XIX Edición

Curso 2022 - 2023

Alejandro Quintana

Laura 

Jorge de la Cal, 16 años

Colegio Peñalvento (Madrid)

Luis se despertó entre gritos y empapado en sudor. Al instante, dos enfermeras acudieron a ponerle un tranquilizante. Estaban acostumbradas a que aquel paciente sufriera pesadillas todas las noches.

Al día siguiente, después del almuerzo, le colocaron dos pastillas –una verde y una roja—junto al yogur. Durante los primeros días en el centro psiquiátrico, había sido reacio a tomárselas, pero desde hacía tiempo las esperaba con ansiedad, pues gracias a su efecto se quedaba relajado durante unas horas, hasta que, por la noche, en cuanto se quedaba dormido, revivía en sus sueños un amargo suceso:

–¿Cómo has podido hacerlo, Laura? No te lo perdonaré jamás. Era mi amigo. ¿Qué vamos a hacer ahora? Si la policía nos descubre, te llevarán a la cárcel.

–Relájate, Luis. Él quería separarnos, así que he hecho lo que tenía que hacer. Ahora, deja de lloriquear y ayúdame a esconder el cuerpo. Después, lávalo todo; no dejes ni una gota de sangre –replicó la muchacha con una voz fría y cortante.
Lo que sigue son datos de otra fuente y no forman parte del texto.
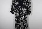 -Robe mi longue à fleurs AUDE esprit bandana, manches 3/4 avec taille soulignée, en noir / blanc.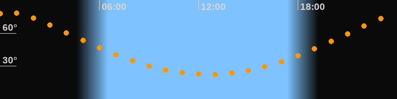 | Höchster Stand (Kulmination) | 00:31 Uhr (h = 78,9°) |

De pronto, sonó el timbre.

–¡Policía! Abra la puerta de inmediato –ordenó alguien desde la calle.

–¡Demonios! Los vecinos han debido de dar la voz de alarma al escuchar los gritos de tu amigo –maldijo Laura.
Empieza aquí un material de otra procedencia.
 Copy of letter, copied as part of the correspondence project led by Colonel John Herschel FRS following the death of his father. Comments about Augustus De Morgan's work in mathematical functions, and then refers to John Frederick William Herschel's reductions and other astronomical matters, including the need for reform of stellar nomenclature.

Luis cogió el cadáver desde los pies, para arrastrarlo a una habitación, pero antes de poder esconderlo, la policía echó la puerta abajo.
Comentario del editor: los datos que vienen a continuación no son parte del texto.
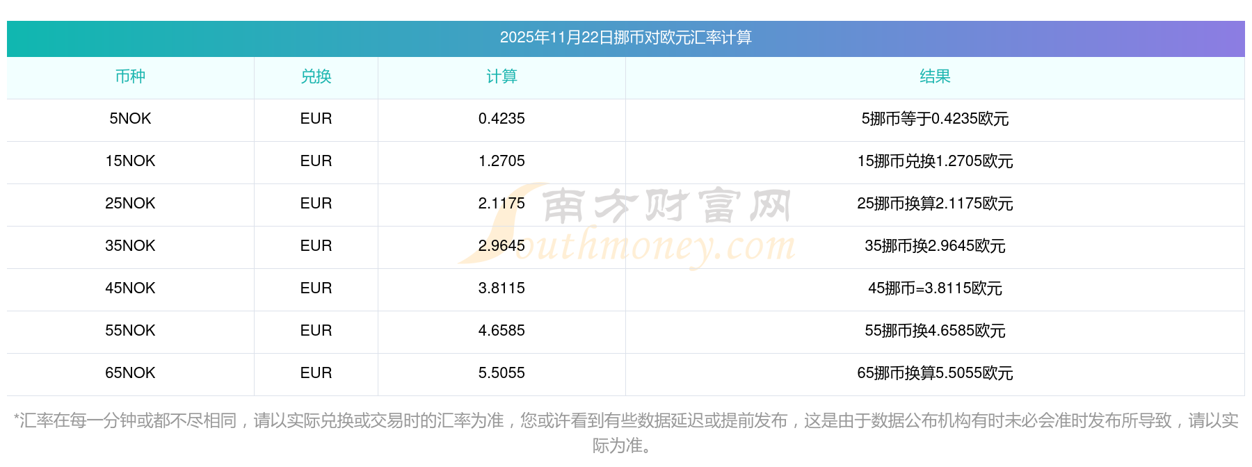 南方財富網為您提供挪幣對歐元匯率最新價格詳情。

–¡Arriba las manos! –ordenó el agente. 

–Esto no es lo que parece, puedo explicárselo –balbució Luis–. Fue ella. Yo no hice nada. Tiene que creerme... ¡Díselo, Laura! Dile que lo hiciste tú –le suplicó al borde del llanto, al tiempo que daba unos pasos hacia el policía.

El agente disparó de forma certera dos veces seguidas, provocando que Luis callera al suelo.

Abrió los ojos. Siempre despertaba en ese momento, cuando al recibir los balazos perdía la conciencia.

Tras aquel suceso, le habían internado en el centro psiquiátrico. En un principio, había insistido en su inocencia, pero tras largas sesiones con el doctor y un tratamiento experimental, acabó por aceptar su culpabilidad, así como que Laura era un producto de su imaginación.

Reflexionaba sobre el asunto en su cuarto cuando se abrió la puerta y entró una mujer joven, extremadamente delgada y de melena negra.

–¡Laura!– exclamó Luis entre extrañado y alegre–. Eres tú.

–Hola querido, ¿me añorabas? –le respondió la mujer.

–Pero, no eres real… y con las pastillas… no deberías… –estaba aturdido.

–¡Silencio! –le exigió enfadada–. ¿En serio crees que unas pastillas pueden separarnos? 

–Esto…

–Dime, ¿por qué las tomas? ¿Es que ya no te agrado?

–No tengo elección, Laura. Ellos me obligan. 

–Mira que eres idiota.

–Dime qué tengo que hacer para estar contigo, y lo haré, sea lo que sea, pero no me abandones.

–Muy bien, si así lo deseas, estaremos juntos por toda la eternidad; nadie nos volverá a separar –afirmó Laura.

Al día siguiente, una noticia resaltaba en los titulares de los periódicos: “Encuentran a un enfermo del psiquiátrico Ana Rosa, muerto en su habitación y con signos de estrangulamiento”.  Según había informado el centro, no se contemplaba la posibilidad de un suicidio, pero las cámaras de seguridad no habían grabado a nadie entrar en la habitación del paciente.

–¿No nos buscarán?– susurró Luis mientras caminaban por una calle atestada de gente que parecía ignorar la presencia de ambos.

–No te preocupes por ellos, ya no nos pueden ver, ni nos volverán a separar jamás– respondió Laura, a la vez que una sonrisa de satisfacción asomaba a su rostro–. Ahora, encaminémonos hacia nuestro nuevo hogar.